What you have to do
Please copy the data exactly as it stands, minus the images.

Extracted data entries

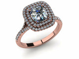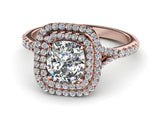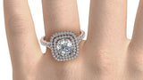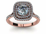 3ct Cushion Cut Halo Cluster Solitaire Engagement Ring 14k Rose Gold Finish
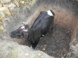 24 октября в 12:43 в службу спасения «101» поступило сообщение о том, что в с. Матишовка по улице Белинского во дворе частного хозяйства корова упала в выгребную яму.
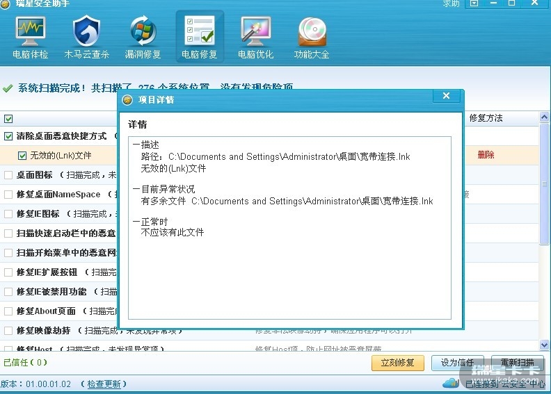 就在前几天用瑞星卡卡安全助手进行桌面修复的时候,我的宽带连接被误报为可疑文件,请问这是怎么回事,能不能解决这个问题啊,现在我战时将他加入信任模式中的,希望你们能解决这个问题
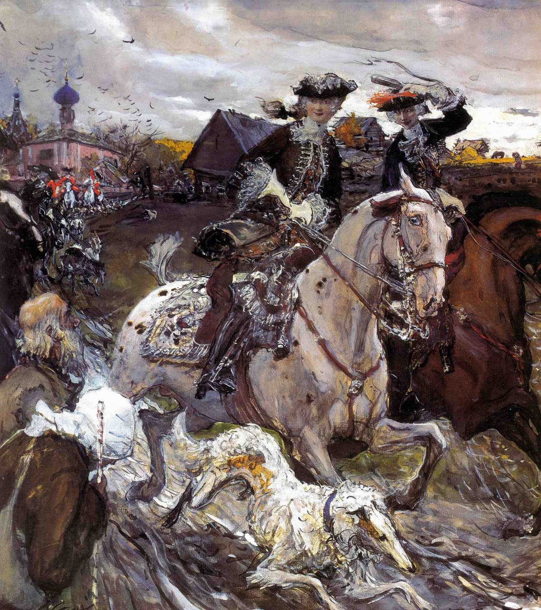 Классическая русская псовая охота всегда была культурным феноменом усадебного быта. Столько в ней сформировалось правил и ритуалов, что добыча отходила на второй план, главным становилось само действо, почти театрализованное. Чего стоили одни только охотничьи наряды аристократии, особенно женские (для того, чтобы ездить в дамском седле, шили платья покроя «амазонка»: в седле с двумя луками и одним стременем с левой стороны сидели боком, поэтому юбка была асимметричной)! Полевые условия, но сплошь бархат, атлас, белые кружевные манжеты и вуали. Для охоты содержали специально тренированных лошадей и целые своры собак, причем гончих в стае подбирали и по рабочим качествам, и по голосам, такой «хор» был предметом гордости владельца. Даже лексикон появился особый – лингвисты насчитали в охотничьем словаре не менее 500 слов, например, для разных животных существовало свое название хвоста: у гончей он именовался гон, у борзой – прави́ло, у легавой – прут или перо, у волка – полено, у лисы – труба, у зайца – цветок или пых.
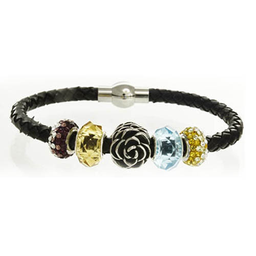 STAINLESS STEEL BRACELET WITH LEATHER & MAGNET LOCK WITH ROSE BEAD WITH 2 ROUND CZ PENDANT WITH BLUE & YELLOW CRYSTAL
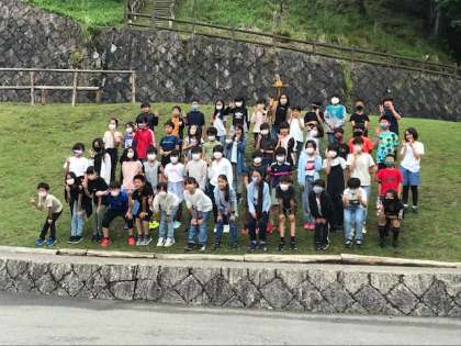写真撮影の前に,敷地内で鹿を見ました。大自然の中にいることを実感する一コマでした。
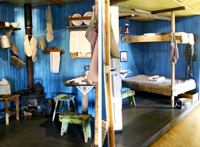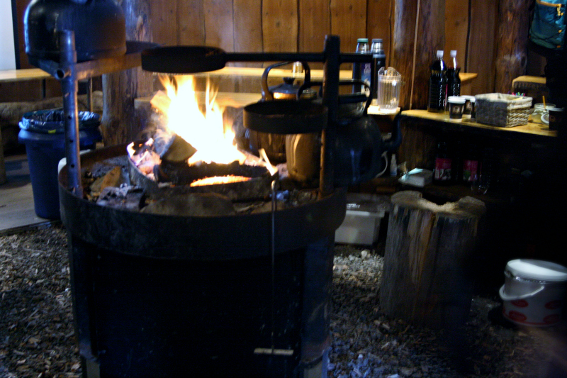 madera, con el fuego encendido, las cafeteras y unos gofres noruegos con
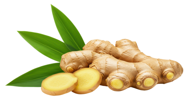 Ginger Rhizome Radiance Golden root slices and verdant leaves on onyx backdrop

Reply
 3ct Cushion Cut Halo Cluster Solitaire Engagement Ring 14k Rose Gold Finish
 24 октября в 12:43 в службу спасения «101» поступило сообщение о том, что в с. Матишовка по улице Белинского во дворе частного хозяйства корова упала в выгребную яму.
 就在前几天用瑞星卡卡安全助手进行桌面修复的时候,我的宽带连接被误报为可疑文件,请问这是怎么回事,能不能解决这个问题啊,现在我战时将他加入信任模式中的,希望你们能解决这个问题
 Классическая русская псовая охота всегда была культурным феноменом усадебного быта. Столько в ней сформировалось правил и ритуалов, что добыча отходила на второй план, главным становилось само действо, почти театрализованное. Чего стоили одни только охотничьи наряды аристократии, особенно женские (для того, чтобы ездить в дамском седле, шили платья покроя «амазонка»: в седле с двумя луками и одним стременем с левой стороны сидели боком, поэтому юбка была асимметричной)! Полевые условия, но сплошь бархат, атлас, белые кружевные манжеты и вуали. Для охоты содержали специально тренированных лошадей и целые своры собак, причем гончих в стае подбирали и по рабочим качествам, и по голосам, такой «хор» был предметом гордости владельца. Даже лексикон появился особый – лингвисты насчитали в охотничьем словаре не менее 500 слов, например, для разных животных существовало свое название хвоста: у гончей он именовался гон, у борзой – прави́ло, у легавой – прут или перо, у волка – полено, у лисы – труба, у зайца – цветок или пых.
 STAINLESS STEEL BRACELET WITH LEATHER & MAGNET LOCK WITH ROSE BEAD WITH 2 ROUND CZ PENDANT WITH BLUE & YELLOW CRYSTAL
写真撮影の前に,敷地内で鹿を見ました。大自然の中にいることを実感する一コマでした。
 madera, con el fuego encendido, las cafeteras y unos gofres noruegos con
 Ginger Rhizome Radiance Golden root slices and verdant leaves on onyx backdrop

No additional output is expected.